● Data segment
━━━━━━━━━━━━━━━━━━━━

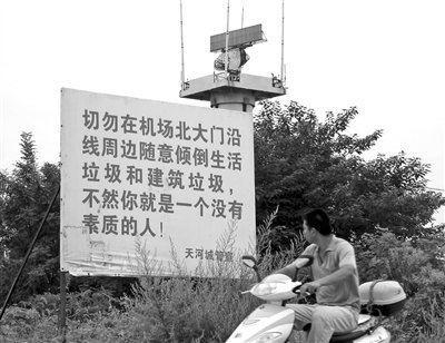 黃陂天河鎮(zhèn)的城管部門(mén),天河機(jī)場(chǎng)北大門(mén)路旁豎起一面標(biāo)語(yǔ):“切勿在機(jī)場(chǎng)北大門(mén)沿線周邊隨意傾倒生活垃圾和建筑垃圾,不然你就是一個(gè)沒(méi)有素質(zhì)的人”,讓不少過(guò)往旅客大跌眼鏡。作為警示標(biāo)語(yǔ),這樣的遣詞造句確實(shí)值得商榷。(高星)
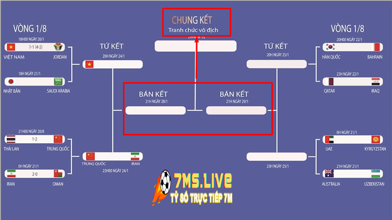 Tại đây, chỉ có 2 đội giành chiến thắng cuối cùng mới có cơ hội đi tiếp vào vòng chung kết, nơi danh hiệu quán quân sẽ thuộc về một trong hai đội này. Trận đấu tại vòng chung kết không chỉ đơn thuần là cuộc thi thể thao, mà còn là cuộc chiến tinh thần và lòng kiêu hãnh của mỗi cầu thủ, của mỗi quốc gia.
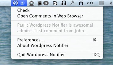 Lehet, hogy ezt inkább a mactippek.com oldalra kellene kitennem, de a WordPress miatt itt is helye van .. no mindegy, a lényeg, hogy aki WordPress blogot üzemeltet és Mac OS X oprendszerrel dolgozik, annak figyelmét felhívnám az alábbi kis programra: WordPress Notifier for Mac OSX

━━━━━━━━━━━━━━━━━━━━

● Assignment
Every last line above must be reproduced as written, and no pictures belong in the copy.

● Reply
 黃陂天河鎮(zhèn)的城管部門(mén),天河機(jī)場(chǎng)北大門(mén)路旁豎起一面標(biāo)語(yǔ):“切勿在機(jī)場(chǎng)北大門(mén)沿線周邊隨意傾倒生活垃圾和建筑垃圾,不然你就是一個(gè)沒(méi)有素質(zhì)的人”,讓不少過(guò)往旅客大跌眼鏡。作為警示標(biāo)語(yǔ),這樣的遣詞造句確實(shí)值得商榷。(高星)
 Tại đây, chỉ có 2 đội giành chiến thắng cuối cùng mới có cơ hội đi tiếp vào vòng chung kết, nơi danh hiệu quán quân sẽ thuộc về một trong hai đội này. Trận đấu tại vòng chung kết không chỉ đơn thuần là cuộc thi thể thao, mà còn là cuộc chiến tinh thần và lòng kiêu hãnh của mỗi cầu thủ, của mỗi quốc gia.
 Lehet, hogy ezt inkább a mactippek.com oldalra kellene kitennem, de a WordPress miatt itt is helye van .. no mindegy, a lényeg, hogy aki WordPress blogot üzemeltet és Mac OS X oprendszerrel dolgozik, annak figyelmét felhívnám az alábbi kis programra: WordPress Notifier for Mac OSX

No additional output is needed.